L’artista dipinge la consuetudine silente delle cose assolutamente normali. Privilegia oggetti e luoghi tipici, riconoscibili ma senza dichiarare nulla con evidenza. In realtà agisce per continui close-up, captando dettagli e angolazioni, lungo una linea ideale che ci porta ad una metafisica del feticcio in cui l’oggetto si espande sulla tela, occupando lo spazio con frequenza geometrica, verso il telaio delle forme reali, verso la tramatura geometrica che disegna una quasi evidenza del vero. Tutto diventa così evidente, esplicitamente dichiarato da trasformarsi nella finzione del racconto, un’evidenza che replica il vero attraverso un puro falso di origine magrittiana.
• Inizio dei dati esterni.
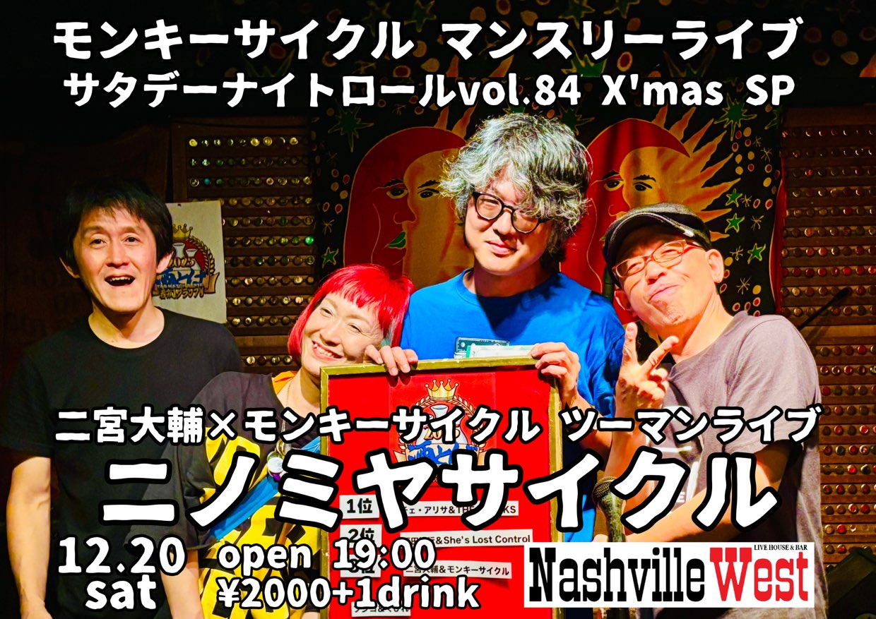 | 2025年12月20日(土) モンキーサイクル マンスリーライブ ”サタデーナイトロール”Vol.84 ★ナッシュビル・クリスマス・スペシャル★ モンキーサイクル × 二宮大輔とけうけげん ツーマンライブ "ニノミヤサイクル" | ||

Il termine “quasi” lascia un margine aperto tra falso e reale, mescolando di continuo i due stati opposti, con la coscienza che ci siano molteplici variabili tra il puro artificio e la pura verità. 
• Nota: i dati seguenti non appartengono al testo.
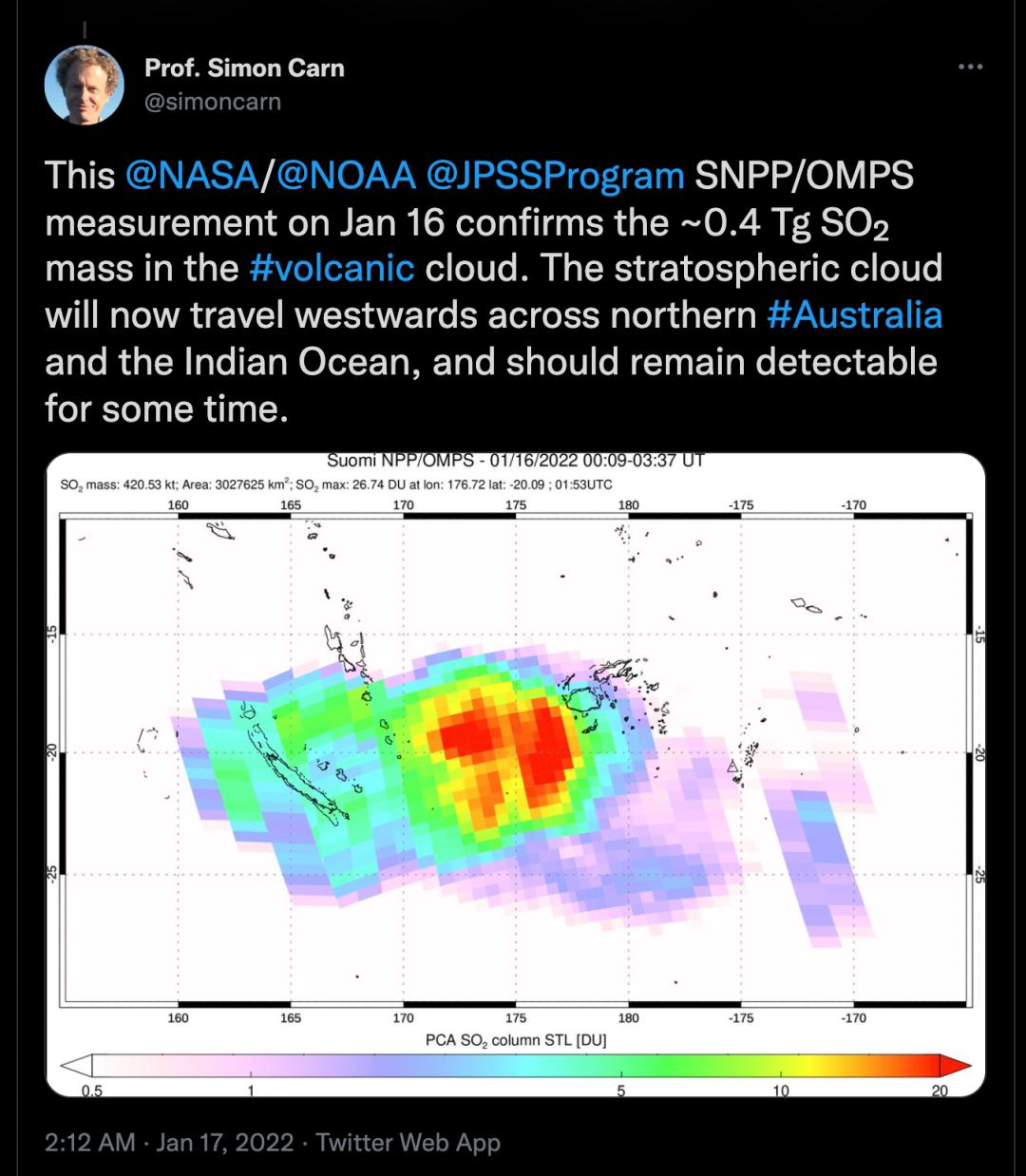 根据密歇根理工大学火山学家Simon Carn教授1月17日凌晨2点(格林威治时间)的推文,他引用了美国航空航天局NASA卫星测量数据,指出:截止16日,汤加火山喷发释放的二氧化硫含量为420.53千吨。

La natura “investigativa” di Restano focalizza campi da tennis, gomme per cancellare, pompe di benzina, quaderni a quadretti, piscine, mattonelle, banchi scolastici, palle da tennis, palloni da basket… un occhio privato (legato ad un primo passaggio di natura fotografica) che elimina qualsiasi accenno dinamico e fissa gli scenari nel loro vuoto astrale, quando qualcosa sembra appena avvenuta o in fase di prossimo accadimento. Senti la sospensione gravitazionale, un’atmosfera filmica che evoca memorie importanti, come le calde giornate californiane di David Hockney, le stilizzazioni desertiche di Georgia O’Keeffe, gli esterni stradali di Ed Ruscha… i dovuti richiami, sempre con Gnoli in cima, si trasformano nel quid investigativo che Restano ha fatto proprio, creandosi una riconoscibilità di approccio, temi e stile. Ecco gli stati possibili delle cose normali: che improvvisamente diventano anomale, talvolta inquietanti senza dirlo, troppo statiche per non nascondere una seconda pelle e un mistero senza risposte. Gli oggetti vengono scandagliati a distanza minima, carezzati dallo sguardo, trattati con attenzione metodica. Sembrano fragili o pericolosi, comunque bisognosi di una qualche attenzione. Forse sono vittime, forse carnefici, forse entrambe le cose o nessuna di queste; di fatto pulsano nella loro apparente fermezza, senti che scorre qualcosa sottotraccia e vorresti afferrarne il senso, la dimensione ultima, la potenza deflagrante. Ci provi ad andare oltre la superficie e capisci che solo la tua visione aggiunge informazioni e completa l’opera, dando al quid una forma compiuta che corrisponde alla tua investigazione interiore. 

Ceci n’est pas une pipe.

Quella di Restano è una metafisica flat che recupera il candore caramelloso degli anni Sessanta, mostrando il lato tattile delle forme reali, la loro amichevole apparenza, quel candore soffuso da aquario del reale. Ma come accade quando l’apparenza è troppo “appariscente”, qualcosa di ambiguo cresce e non si rivela, distillandoci quel dubbio investigativo attorno al vero. La domanda finale sorge ovvia: siamo sicuri di guardare una biglia, un calcio balilla, una pista da atletica, una racchetta da ping pong? Forse aveva ragione Magritte quando scrisse su un quadro: Ceci n’est pas une pipe.